Data excerpt »
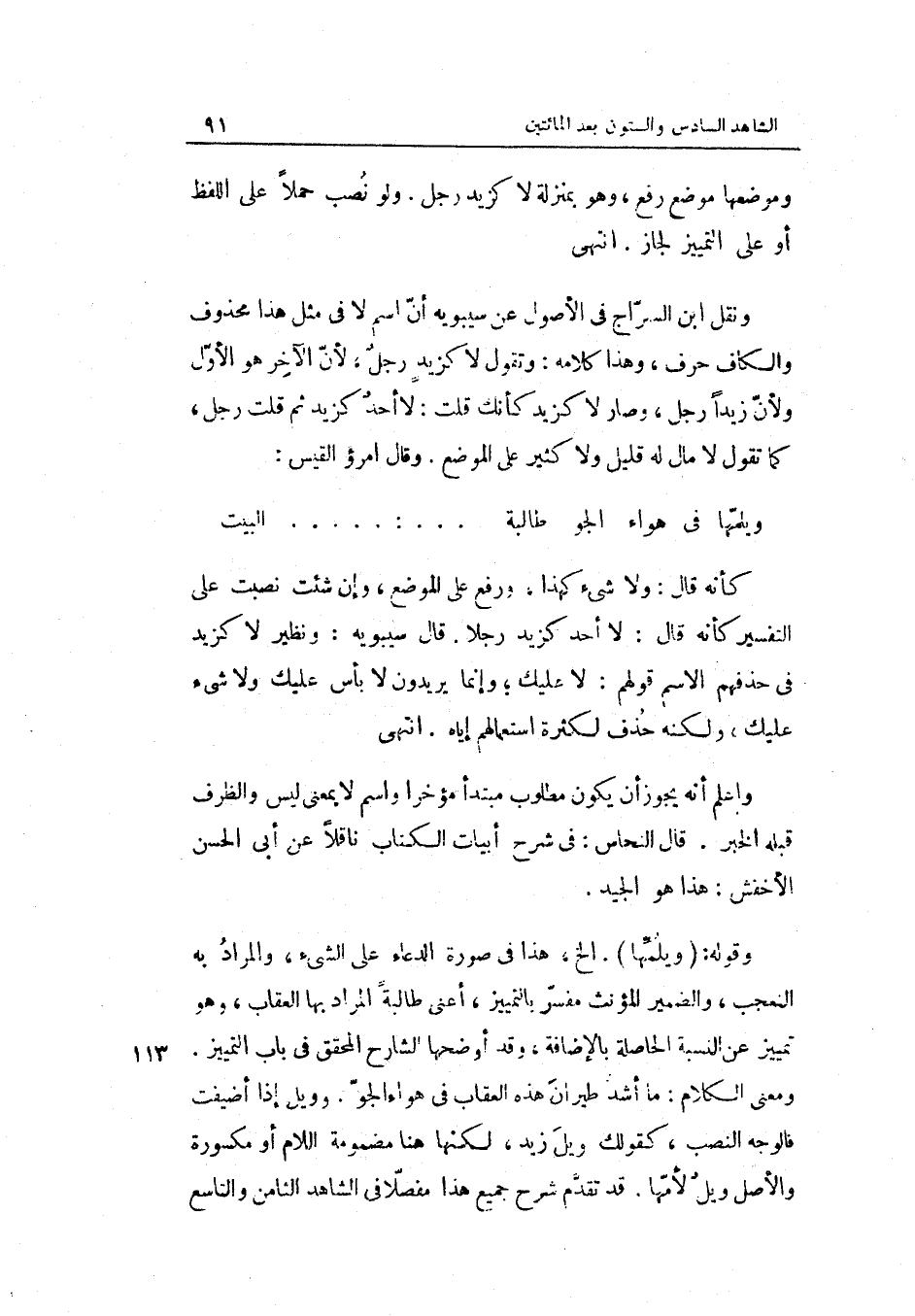 لَا مَال لَهُ قَلِيل وَلَا كثير على الْموضع. وَقَالَ امْرُؤ الْقَيْس: ويلمّها فِي هَوَاء الجوّ طالبة ... ... ... . . الْبَيْت كَأَنَّهُ قَالَ: وَلَا شَيْء كَهَذا وَرفع على الْموضع وَإِن شِئْت نصبت على التَّفْسِير كَأَنَّهُ قَالَ: لَا اُحْدُ كزيد رجلا.
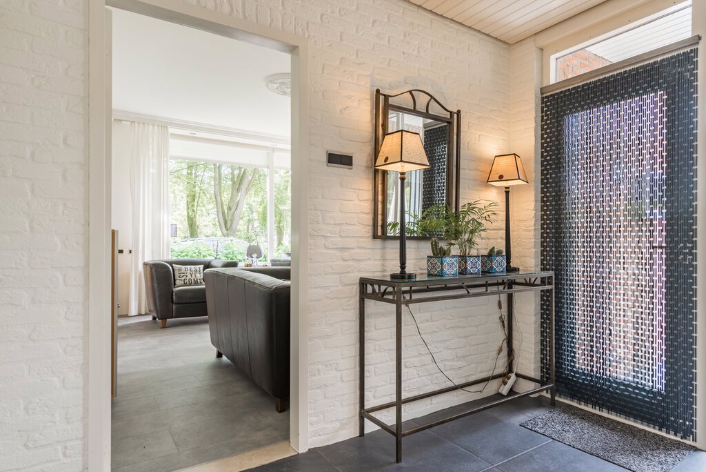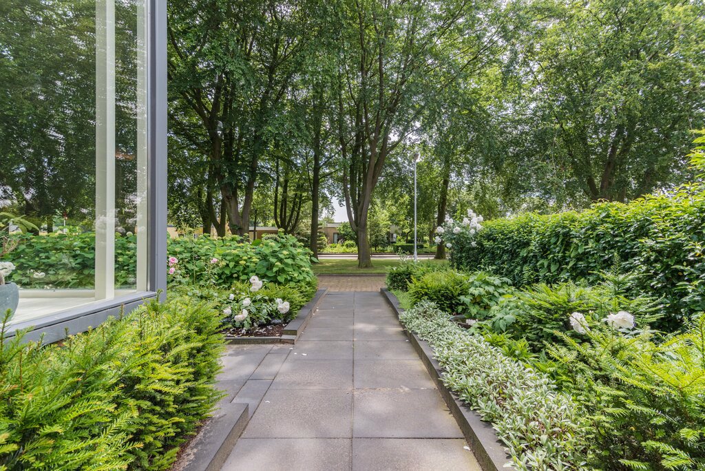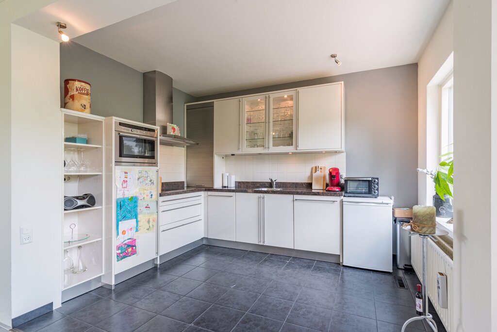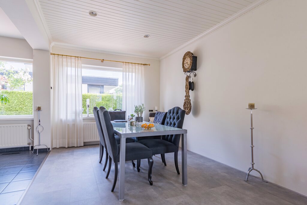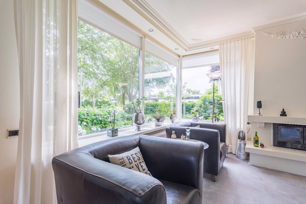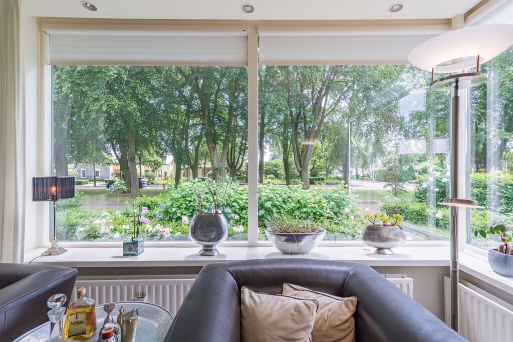De voortuin ziet er prachtig uit! Samen met de oprit die onlangs opnieuw bestraat is, geeft dit direct een verzorgde indruk. Via de voordeur en de hal komen we in de woonkamer. Door de grote raampartijen komt veel licht naar binnen en geniet je van het uitzicht met grasveld en bomen. In 2018 is er een nieuwe pvc-vloer gelegd. ’s Winters zit je hier heerlijk voor de open haard. De hoekkeuken heeft de beschikking over onder andere een inductiekookplaat, afzuigkap, koelkast, magnetron, afwasmachine en een natuurstenen aanrechtblad.
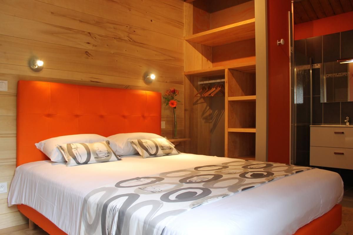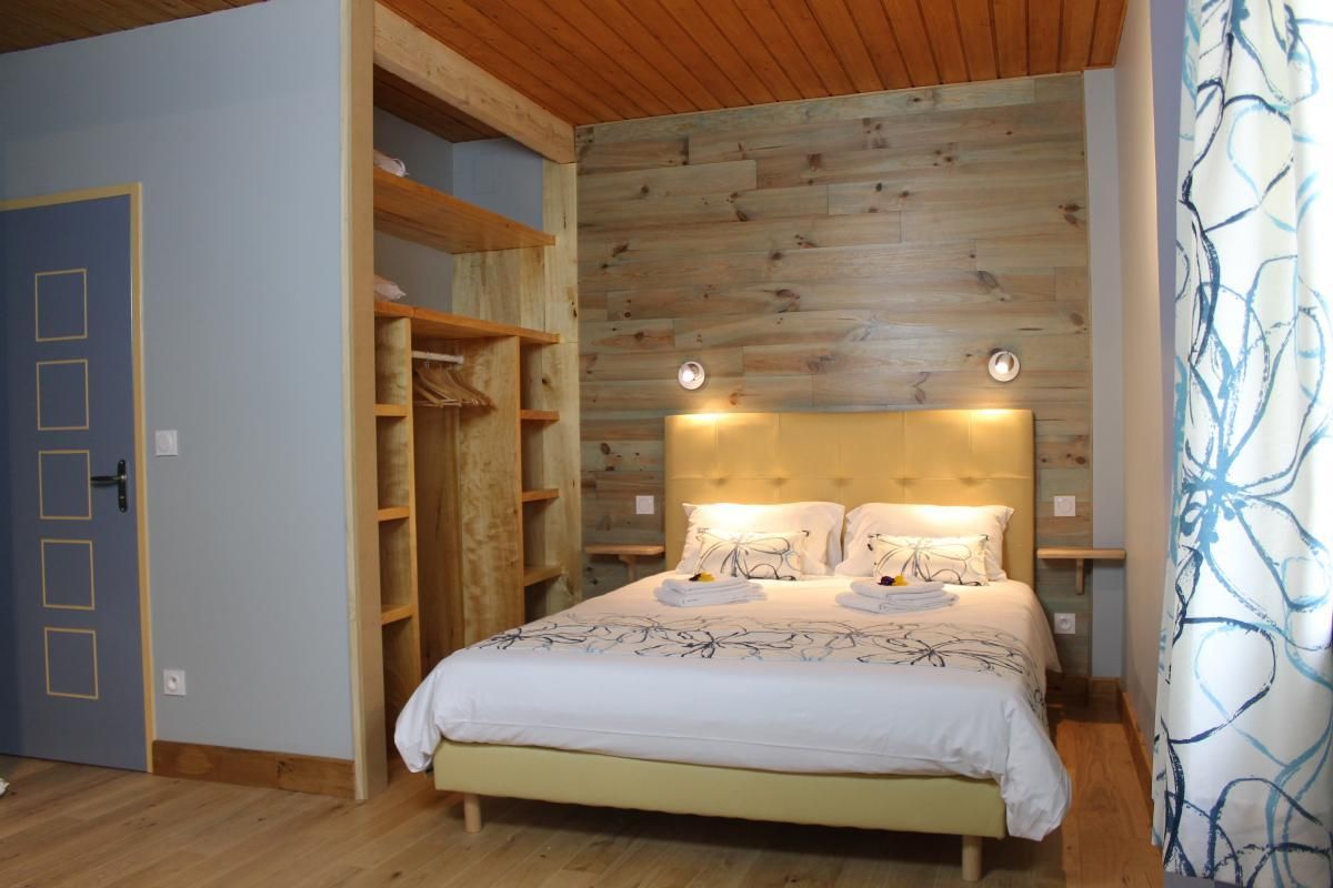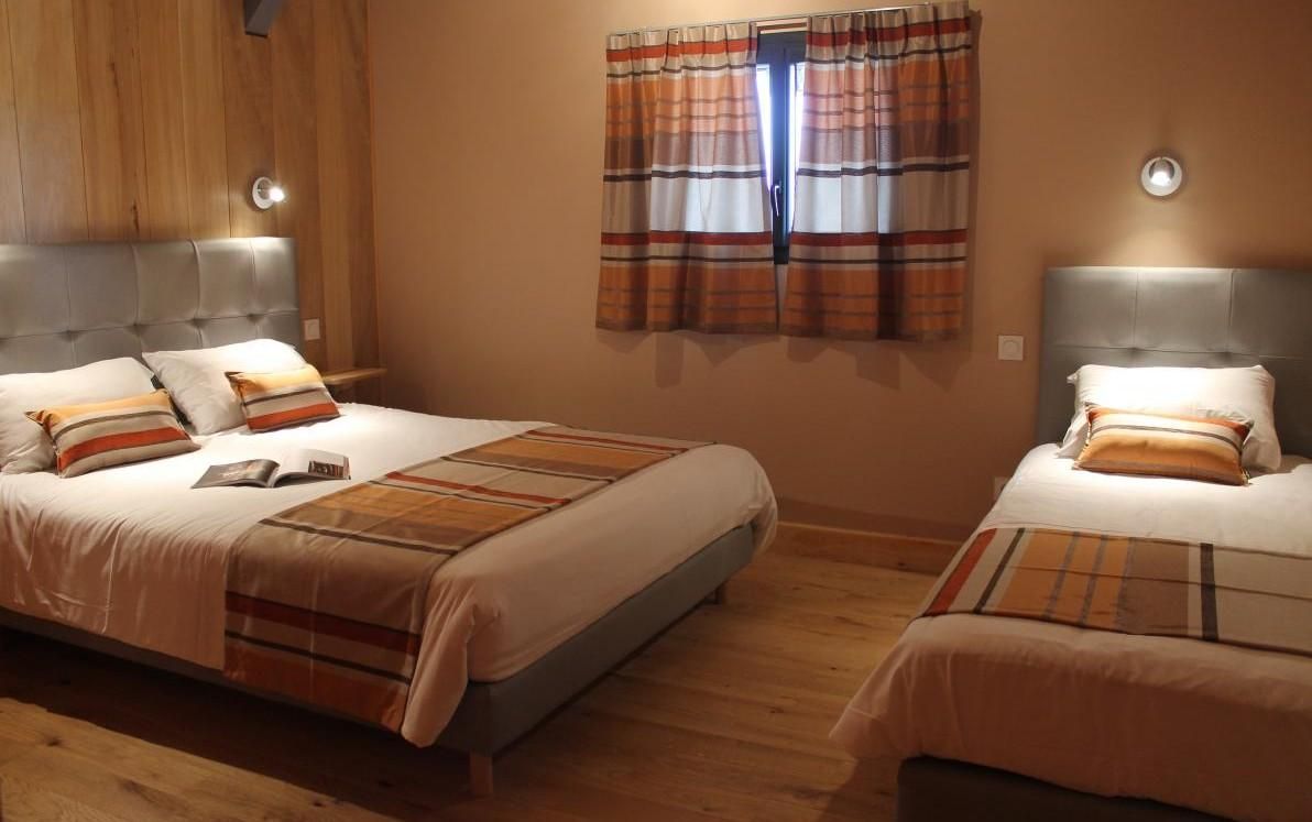 Toutes les chambres sont climatisées et disposent d’une salle d’eau et de toilettes privatives. 4 chambres à l’étage : Chambre Pêche Triple avec 1 lit 90 et 1 lit 160, fenêtre donnant sur coursive/salon. Ce salon baigné de lumière grâce à sa grande baie vitrée offre aux vacanciers des 5 chambres, détente (TV, livres…) et vue panoramique. Chambre Mirabelle Triple avec 1 lit 90 et 1 lit 160. Chambre Noisette avec 1 lit 160. Chambre Pomme Familiale avec 2 lits 160 et 1 lit 90. Au rdc : Chambre Prunelle avec 1 lit 160, accessible aux personnes à mobilité réduite.

Required action » Repeat the listing above from its first line through the line that contains "De voortuin ziet", both included, and nothing more. Drop the pictures.

Reply to the exercise »
 لَا مَال لَهُ قَلِيل وَلَا كثير على الْموضع. وَقَالَ امْرُؤ الْقَيْس: ويلمّها فِي هَوَاء الجوّ طالبة ... ... ... . . الْبَيْت كَأَنَّهُ قَالَ: وَلَا شَيْء كَهَذا وَرفع على الْموضع وَإِن شِئْت نصبت على التَّفْسِير كَأَنَّهُ قَالَ: لَا اُحْدُ كزيد رجلا.
De voortuin ziet er prachtig uit! Samen met de oprit die onlangs opnieuw bestraat is, geeft dit direct een verzorgde indruk. Via de voordeur en de hal komen we in de woonkamer. Door de grote raampartijen komt veel licht naar binnen en geniet je van het uitzicht met grasveld en bomen. In 2018 is er een nieuwe pvc-vloer gelegd. ’s Winters zit je hier heerlijk voor de open haard. De hoekkeuken heeft de beschikking over onder andere een inductiekookplaat, afzuigkap, koelkast, magnetron, afwasmachine en een natuurstenen aanrechtblad.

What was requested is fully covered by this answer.